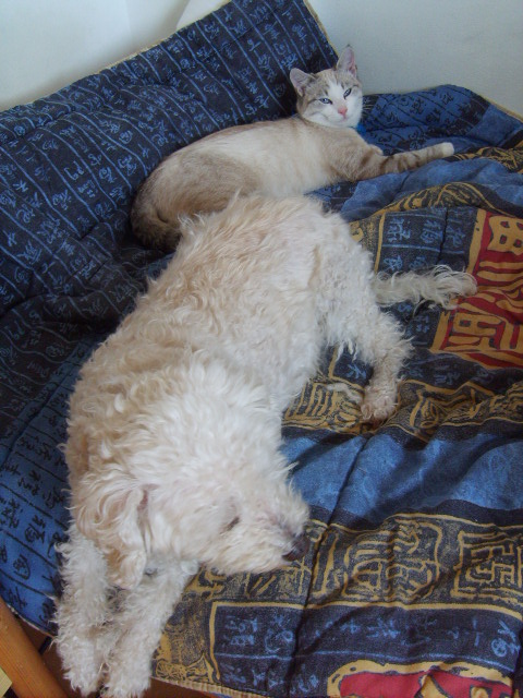 Vraiment ces deux minous se plaisent chez toi, tout comme ceux de Tigri.Tu lui a demandé si les chats sont bien a elle et ce qu'elle compte en faire.Pauvres petits, si elle ne s'en occupe pas, qui le fera? fait leur des petits câlins mais aussi àa tes deux adorables chiens :kiss:
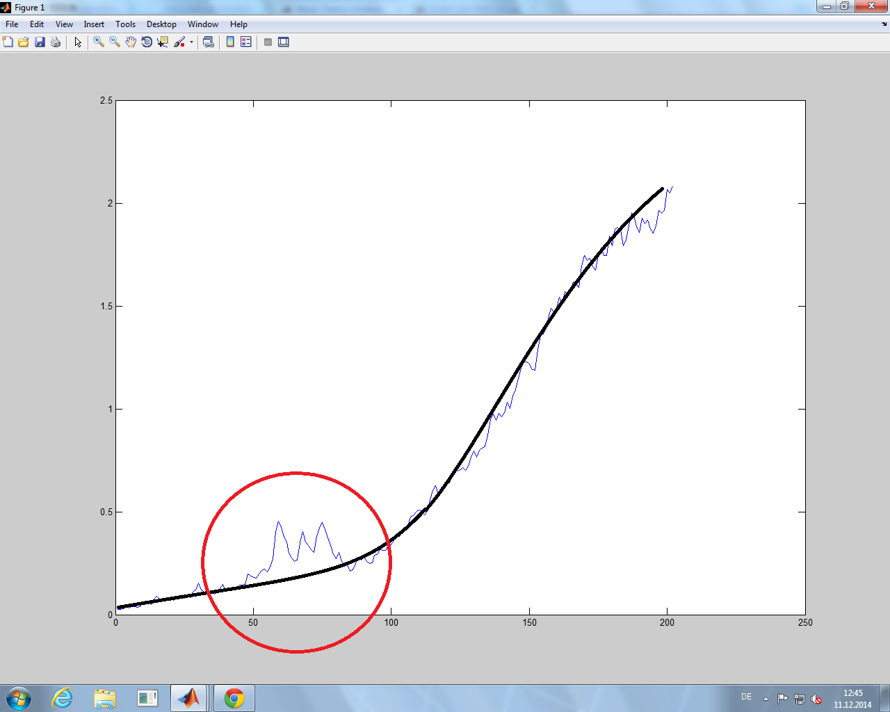 Der geglättete Graph soll in etwa wie die provisorisch eingezeichnete schwarze Linie aussehen. Wichtig hierbei ist der rot markierte Bereich, den ich so nicht hin bekomme.
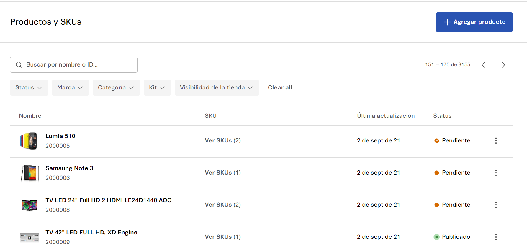 - Identificar más fácilmente los productos y SKU que tengan información pendiente para estar disponibles para la venta mediante el nuevo status Pendiente.
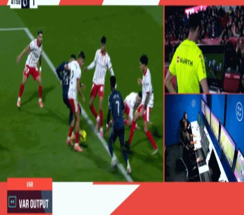 第41分鐘,姆巴佩捅射破門,不過(guò)手球在先被取消
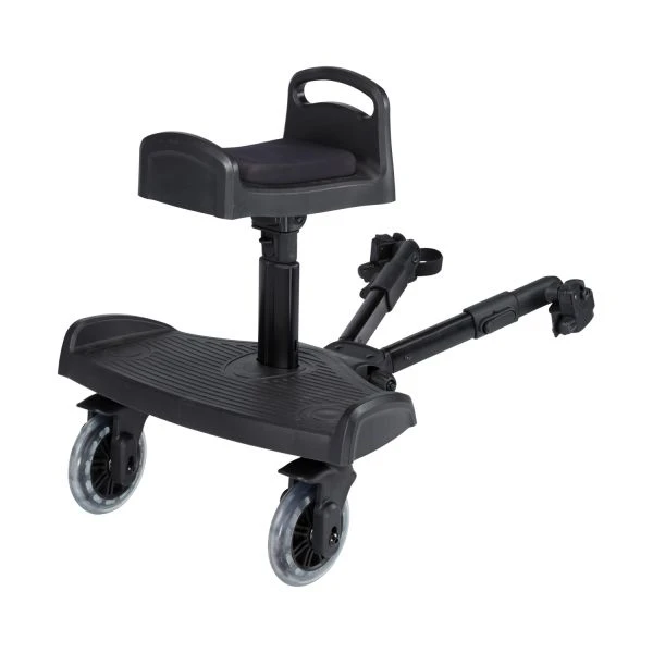 Met dit Kidsriver Universeel Meerijdplankje Met Zitting kan je zonder zorgen op pad met je kindje. Je kan het plankje eenvoudig bevestigen aan de kinderwagen of buggy en het zit niet in de weg tijdens het lopen. Het plankje is ideaal voor mensen die meerdere kinderen hebben, waarvan het ene kind op met meerijdplankje staat en het andere kind in de kinderwagen zit. Wanneer je kindje vermoeid raakt van het lopen, kan hij of zij rustig bijkomen op het meerijdplankje met zitje. Zo kan je langere stukken afleggen met de kinderwagen. Als je kindje liever op het plankje staat, dan verwijder je gemakkelijk het zitje.
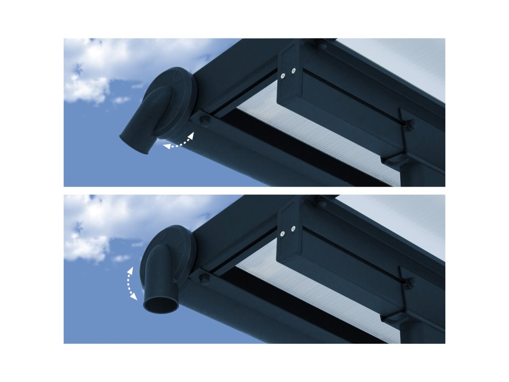 Pokud je třeba, dají se (pouze u pergoly Sierra) střešní panely na zimu jednoduše vyndat. Pomocí jednoduchého propojovacího kitu můžete spojit libovolný počet pergol Siera i různých rozměrů vedle sebe a vytvořit tak libovolně dlouhou pergolu. Pomocí bočního dílu můžete zakrýt pergolu z jedné nebo obou stran a zvýšit tak ochranu před větrem.
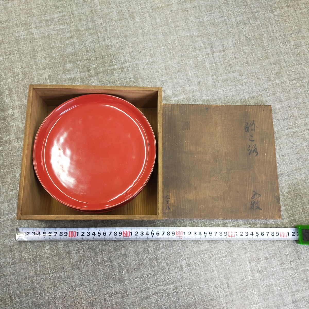 - す2370 銘々盆 食器 菓子皿 5枚セット 漆器 木箱付 漆芸 詳細不明 アンティ ーク
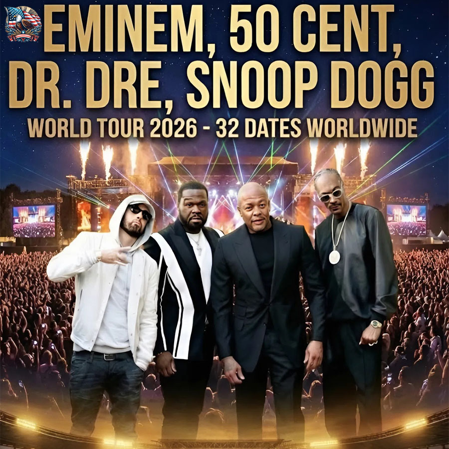 As anticipation continues to build, one thing is clear: the Eminem, Snoop Dogg, Dr. Dre, and 50 Cent 2026 World Tour is poised to become one of the most talked-about live music events of the decade. With unmatched star power, global reach, and a legacy few can rival, this tour is set to leave a permanent mark on hip-hop history.
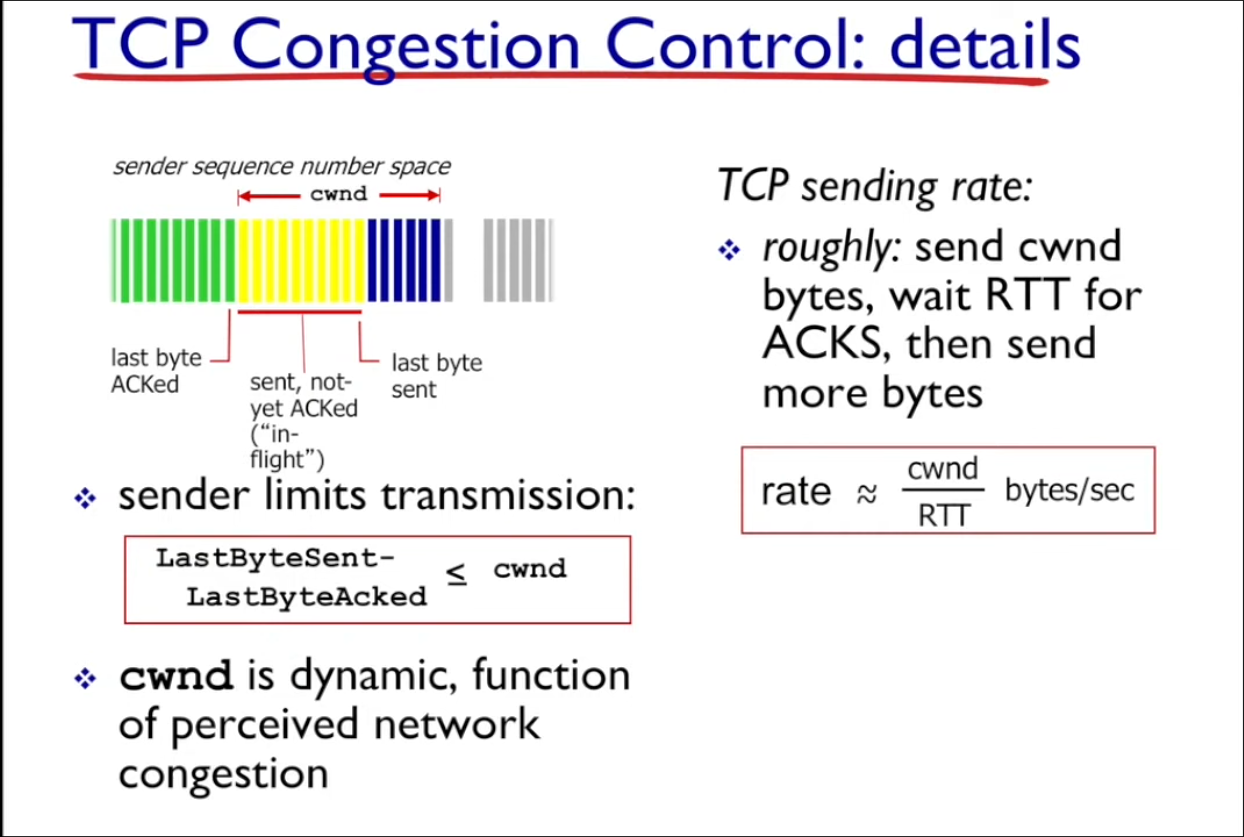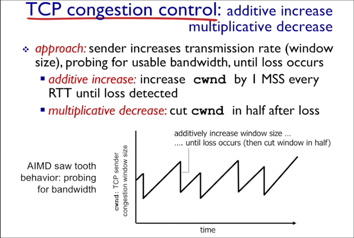 - AIMD (Additive Increase/Multiplicative Decrease)
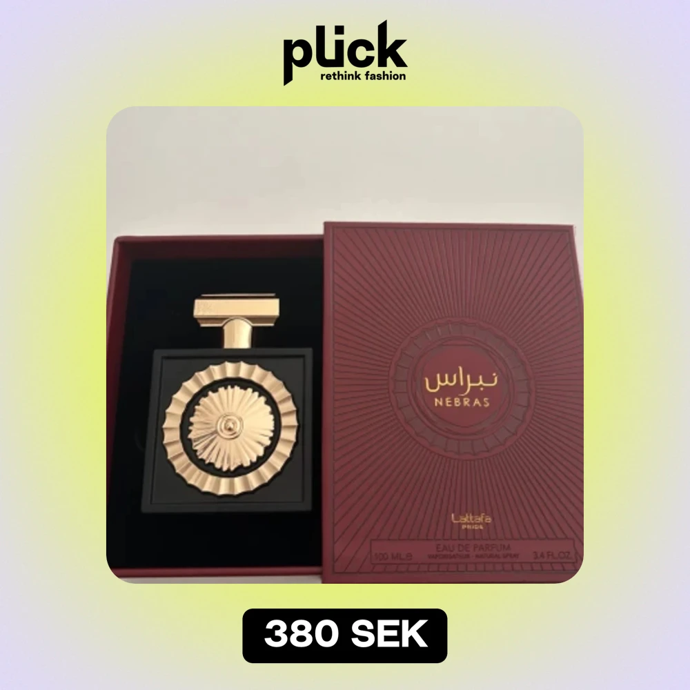 Parfymen Nebras Lattafa säljer jag för 380kr köpte för 480kr. En härlig vanilj, choklad och söt doftande parfym. Parfymen är mycket likt den populära Bille Ellish parfymen men starkare. Har endast testat den alltså 3-4 sprut. Pris kan diskuteras😍
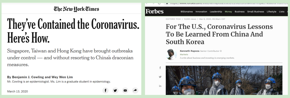 《纽约时报》:《他们已经控制了冠状病毒,经验在此》(左)福布斯网站:《美国从中国及韩国借鉴应对冠状病毒经验》(右)
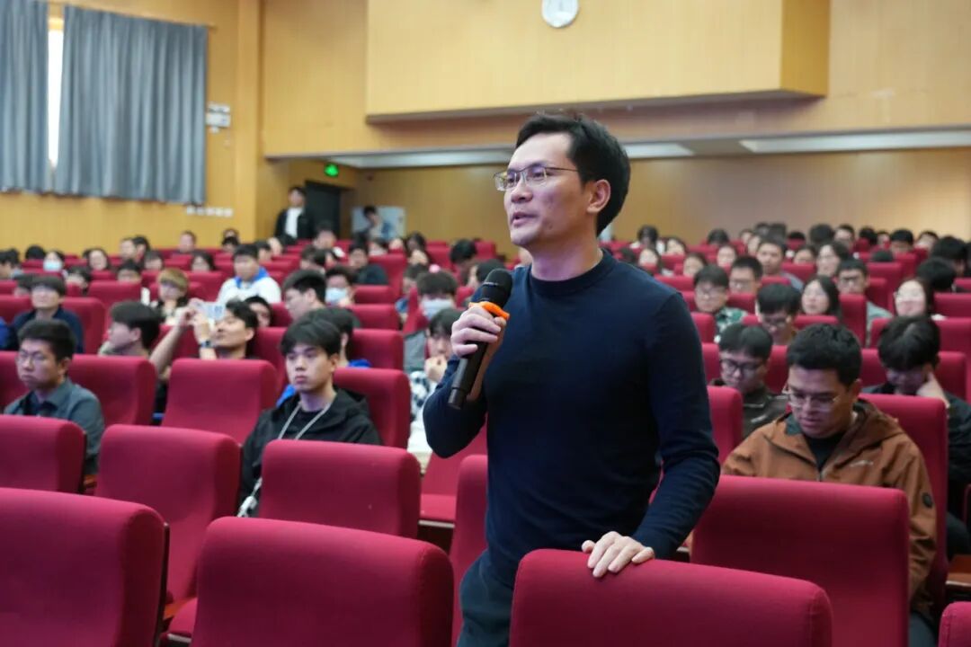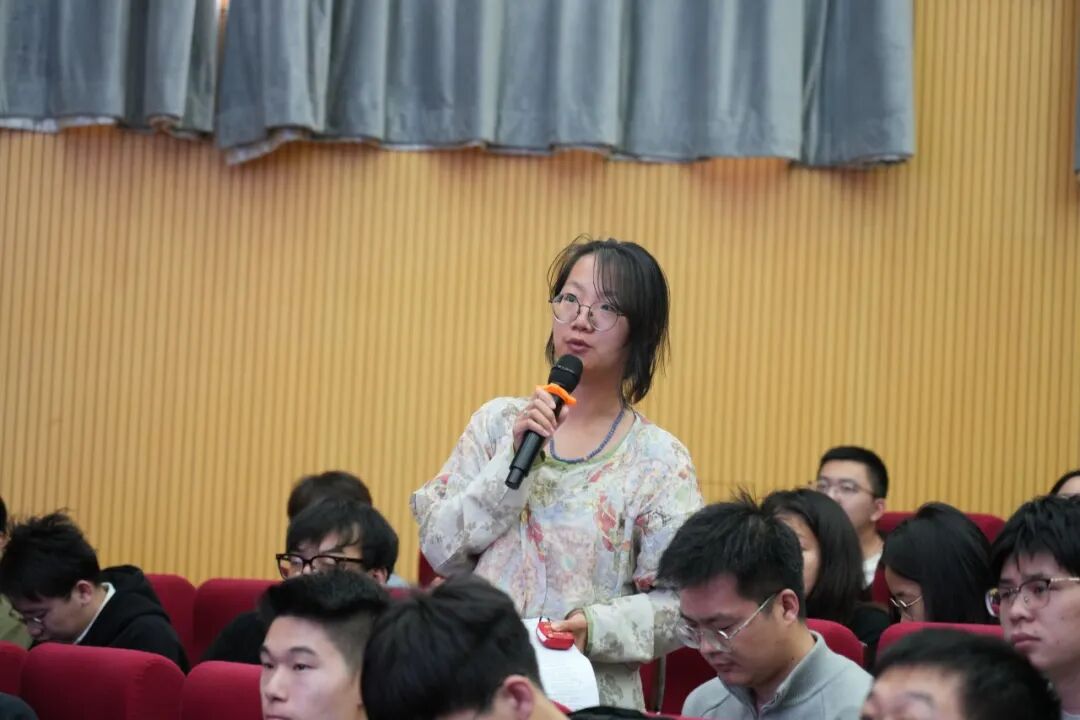 交流环节,叶国安院士与在场师生围绕快堆工程化、锕系分离工艺、核材料界面特性等问题进行深入交流,并就科研与学习中的疑问作细致解答。他勉励同学们立足国家战略需求,深耕材料与核化工交叉领域,为我国先进核能与核燃料循环事业贡献力量。
* * *
Assignment.
Would you output the data above exactly as written, but with no images?

Result for this exercise.
 Vraiment ces deux minous se plaisent chez toi, tout comme ceux de Tigri.Tu lui a demandé si les chats sont bien a elle et ce qu'elle compte en faire.Pauvres petits, si elle ne s'en occupe pas, qui le fera? fait leur des petits câlins mais aussi àa tes deux adorables chiens :kiss:
 Der geglättete Graph soll in etwa wie die provisorisch eingezeichnete schwarze Linie aussehen. Wichtig hierbei ist der rot markierte Bereich, den ich so nicht hin bekomme.
 - Identificar más fácilmente los productos y SKU que tengan información pendiente para estar disponibles para la venta mediante el nuevo status Pendiente.
 第41分鐘,姆巴佩捅射破門,不過(guò)手球在先被取消
 Met dit Kidsriver Universeel Meerijdplankje Met Zitting kan je zonder zorgen op pad met je kindje. Je kan het plankje eenvoudig bevestigen aan de kinderwagen of buggy en het zit niet in de weg tijdens het lopen. Het plankje is ideaal voor mensen die meerdere kinderen hebben, waarvan het ene kind op met meerijdplankje staat en het andere kind in de kinderwagen zit. Wanneer je kindje vermoeid raakt van het lopen, kan hij of zij rustig bijkomen op het meerijdplankje met zitje. Zo kan je langere stukken afleggen met de kinderwagen. Als je kindje liever op het plankje staat, dan verwijder je gemakkelijk het zitje.
 Pokud je třeba, dají se (pouze u pergoly Sierra) střešní panely na zimu jednoduše vyndat. Pomocí jednoduchého propojovacího kitu můžete spojit libovolný počet pergol Siera i různých rozměrů vedle sebe a vytvořit tak libovolně dlouhou pergolu. Pomocí bočního dílu můžete zakrýt pergolu z jedné nebo obou stran a zvýšit tak ochranu před větrem.
 - す2370 銘々盆 食器 菓子皿 5枚セット 漆器 木箱付 漆芸 詳細不明 アンティ ーク
 As anticipation continues to build, one thing is clear: the Eminem, Snoop Dogg, Dr. Dre, and 50 Cent 2026 World Tour is poised to become one of the most talked-about live music events of the decade. With unmatched star power, global reach, and a legacy few can rival, this tour is set to leave a permanent mark on hip-hop history.
 - AIMD (Additive Increase/Multiplicative Decrease)
 Parfymen Nebras Lattafa säljer jag för 380kr köpte för 480kr. En härlig vanilj, choklad och söt doftande parfym. Parfymen är mycket likt den populära Bille Ellish parfymen men starkare. Har endast testat den alltså 3-4 sprut. Pris kan diskuteras😍
 《纽约时报》:《他们已经控制了冠状病毒,经验在此》(左)福布斯网站:《美国从中国及韩国借鉴应对冠状病毒经验》(右)
 交流环节,叶国安院士与在场师生围绕快堆工程化、锕系分离工艺、核材料界面特性等问题进行深入交流,并就科研与学习中的疑问作细致解答。他勉励同学们立足国家战略需求,深耕材料与核化工交叉领域,为我国先进核能与核燃料循环事业贡献力量。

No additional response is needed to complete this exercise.